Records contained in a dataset
──────
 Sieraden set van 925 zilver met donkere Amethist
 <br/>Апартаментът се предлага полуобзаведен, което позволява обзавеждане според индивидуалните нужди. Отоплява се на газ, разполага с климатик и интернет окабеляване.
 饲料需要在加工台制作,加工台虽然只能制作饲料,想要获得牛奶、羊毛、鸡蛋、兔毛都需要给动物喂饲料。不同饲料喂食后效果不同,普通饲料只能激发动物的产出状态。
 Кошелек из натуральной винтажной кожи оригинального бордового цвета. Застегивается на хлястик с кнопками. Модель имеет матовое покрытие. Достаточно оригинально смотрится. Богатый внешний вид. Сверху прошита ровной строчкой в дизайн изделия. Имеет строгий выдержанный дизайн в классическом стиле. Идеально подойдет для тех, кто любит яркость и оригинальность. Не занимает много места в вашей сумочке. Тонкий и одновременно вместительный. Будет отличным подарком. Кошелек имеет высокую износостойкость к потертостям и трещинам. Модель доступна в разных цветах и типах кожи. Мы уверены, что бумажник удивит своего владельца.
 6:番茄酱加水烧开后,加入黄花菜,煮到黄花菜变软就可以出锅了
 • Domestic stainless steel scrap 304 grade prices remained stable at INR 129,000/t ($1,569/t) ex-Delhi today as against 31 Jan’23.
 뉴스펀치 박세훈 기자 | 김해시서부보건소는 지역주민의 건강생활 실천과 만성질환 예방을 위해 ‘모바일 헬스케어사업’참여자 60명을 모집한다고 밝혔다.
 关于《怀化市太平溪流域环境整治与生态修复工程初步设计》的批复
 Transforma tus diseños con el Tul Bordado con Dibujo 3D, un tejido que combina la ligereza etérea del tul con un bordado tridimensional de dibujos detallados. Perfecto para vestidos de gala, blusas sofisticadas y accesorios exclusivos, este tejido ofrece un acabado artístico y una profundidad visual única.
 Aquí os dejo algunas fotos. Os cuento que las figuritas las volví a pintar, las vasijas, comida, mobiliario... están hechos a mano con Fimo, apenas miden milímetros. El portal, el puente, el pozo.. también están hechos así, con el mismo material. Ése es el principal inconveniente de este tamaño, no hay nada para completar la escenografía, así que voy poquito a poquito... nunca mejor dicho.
──────
**EXERCISE BRIEF**
Reproduce the data exactly. All of it is needed.

**ANSWER SECTION**
 Sieraden set van 925 zilver met donkere Amethist
 <br/>Апартаментът се предлага полуобзаведен, което позволява обзавеждане според индивидуалните нужди. Отоплява се на газ, разполага с климатик и интернет окабеляване.
 饲料需要在加工台制作,加工台虽然只能制作饲料,想要获得牛奶、羊毛、鸡蛋、兔毛都需要给动物喂饲料。不同饲料喂食后效果不同,普通饲料只能激发动物的产出状态。
 Кошелек из натуральной винтажной кожи оригинального бордового цвета. Застегивается на хлястик с кнопками. Модель имеет матовое покрытие. Достаточно оригинально смотрится. Богатый внешний вид. Сверху прошита ровной строчкой в дизайн изделия. Имеет строгий выдержанный дизайн в классическом стиле. Идеально подойдет для тех, кто любит яркость и оригинальность. Не занимает много места в вашей сумочке. Тонкий и одновременно вместительный. Будет отличным подарком. Кошелек имеет высокую износостойкость к потертостям и трещинам. Модель доступна в разных цветах и типах кожи. Мы уверены, что бумажник удивит своего владельца.
 6:番茄酱加水烧开后,加入黄花菜,煮到黄花菜变软就可以出锅了
 • Domestic stainless steel scrap 304 grade prices remained stable at INR 129,000/t ($1,569/t) ex-Delhi today as against 31 Jan’23.
 뉴스펀치 박세훈 기자 | 김해시서부보건소는 지역주민의 건강생활 실천과 만성질환 예방을 위해 ‘모바일 헬스케어사업’참여자 60명을 모집한다고 밝혔다.
 关于《怀化市太平溪流域环境整治与生态修复工程初步设计》的批复
 Transforma tus diseños con el Tul Bordado con Dibujo 3D, un tejido que combina la ligereza etérea del tul con un bordado tridimensional de dibujos detallados. Perfecto para vestidos de gala, blusas sofisticadas y accesorios exclusivos, este tejido ofrece un acabado artístico y una profundidad visual única.
 Aquí os dejo algunas fotos. Os cuento que las figuritas las volví a pintar, las vasijas, comida, mobiliario... están hechos a mano con Fimo, apenas miden milímetros. El portal, el puente, el pozo.. también están hechos así, con el mismo material. Ése es el principal inconveniente de este tamaño, no hay nada para completar la escenografía, así que voy poquito a poquito... nunca mejor dicho.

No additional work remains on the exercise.